This is the third blog post in the Biopharmaceutical Basics series.
Sometimes the whole or part of a gene is defective or missing from birth. This is typically referred to as a genetically inherited mutation.
In addition, healthy genes can change (mutate) over the course of our lives. These acquired mutations can be caused by environmental exposures. The good news is that most of these genetic changes (mutations) do not cause disease. But some inherited and acquired mutations can cause developmental disorders, neurological diseases, and cancer.
Depending on what is wrong, scientists can do one of several things through gene therapy.
What is gene therapy?
Gene therapy is an evolving strategy for disorders caused by a missing or faulty gene and may involve addition, inhibition, editing, or functional replacement of a gene.
Gene therapies can be one-time treatments and are designed to target the genetic root cause of diseases.
How does it work?
Gene therapy can be used to modify cells inside or outside the body. When gene therapy is used to modify cells inside the body, a doctor will inject a vehicle called a “vector,” carrying the gene directly into the patient.
When gene therapy is used to modify cells outside the body, doctors take blood, bone marrow, or another tissue, and separate out specific cell types in the lab. The vector containing the desired gene is introduced into these cells. The cells are later injected into the patient, where the new gene is used to produce the desired effect.
There are four types of gene therapy:
Gene replacement – Gene replacement uses a new, working gene to replace the function of a nonworking or missing gene.
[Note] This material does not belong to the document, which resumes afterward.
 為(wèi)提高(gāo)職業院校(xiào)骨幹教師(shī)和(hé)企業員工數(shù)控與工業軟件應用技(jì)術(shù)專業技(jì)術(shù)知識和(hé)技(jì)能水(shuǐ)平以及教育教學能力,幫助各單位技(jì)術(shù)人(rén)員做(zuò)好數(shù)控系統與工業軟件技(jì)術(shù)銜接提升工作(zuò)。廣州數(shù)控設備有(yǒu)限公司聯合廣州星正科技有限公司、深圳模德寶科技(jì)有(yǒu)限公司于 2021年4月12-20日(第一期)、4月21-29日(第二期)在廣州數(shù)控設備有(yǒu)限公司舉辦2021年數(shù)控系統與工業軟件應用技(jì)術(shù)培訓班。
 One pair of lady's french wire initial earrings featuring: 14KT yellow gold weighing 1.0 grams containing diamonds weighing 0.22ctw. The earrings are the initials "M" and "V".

This gene then provides the instructions for the body to make the missing or insufficient protein.
Gene addition – Gene addition involves the introduction of a new gene into the body to target a specific aspect of what causes the disease.
Gene inhibition – Gene inhibition involves deactivating or “silencing” the expression of a mutated or faulty gene that codes for a toxic protein or too much protein.
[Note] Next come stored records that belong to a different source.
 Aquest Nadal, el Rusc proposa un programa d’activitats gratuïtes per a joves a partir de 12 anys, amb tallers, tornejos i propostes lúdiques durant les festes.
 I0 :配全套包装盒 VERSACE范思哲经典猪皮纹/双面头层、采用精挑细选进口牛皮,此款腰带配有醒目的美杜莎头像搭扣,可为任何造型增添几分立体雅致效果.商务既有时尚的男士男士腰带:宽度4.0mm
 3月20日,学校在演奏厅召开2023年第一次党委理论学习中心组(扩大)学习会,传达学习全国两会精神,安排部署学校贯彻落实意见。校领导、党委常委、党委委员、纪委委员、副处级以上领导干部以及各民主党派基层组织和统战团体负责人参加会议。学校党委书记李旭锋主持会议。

Gene editing – Gene editing corrects the mutation in a gene that is causing disease.
Why is gene therapy important?
Advances in genetics and bioengineering have enabled the development of gene therapy and, with it, the unprecedented potential to treat diseases caused by recessive gene disorders, acquired genetic diseases, and some viral infections. Technologies for manufacturing and analysis of gene therapy products are evolving with continued efforts to be fully optimized.
What solutions are available?
With the right analytical tools, scientists can expedite the development of safe, high-quality gene therapy products while reducing time to market and costs of manufacturing.
Solutions from Thermo Fisher Scientific are evolving, right along with the gene therapy advancements themselves. Our robust assays are tailored for the analysis of gene therapy products to enable fast results with better accuracy and reproducibility to facilitate the development of your gene therapy product and accelerate its progression to market. There are several recombinant DNA technology protocols, in which the gene-of-interest or healthy gene is inserted into a vector, which can be a viral, plasmodial, or nanostructured.
Messenger RNAs (mRNA) therapies — which upon introduction to the target cell are translated into desired proteins — are being explored in the use of personalized immunotherapy.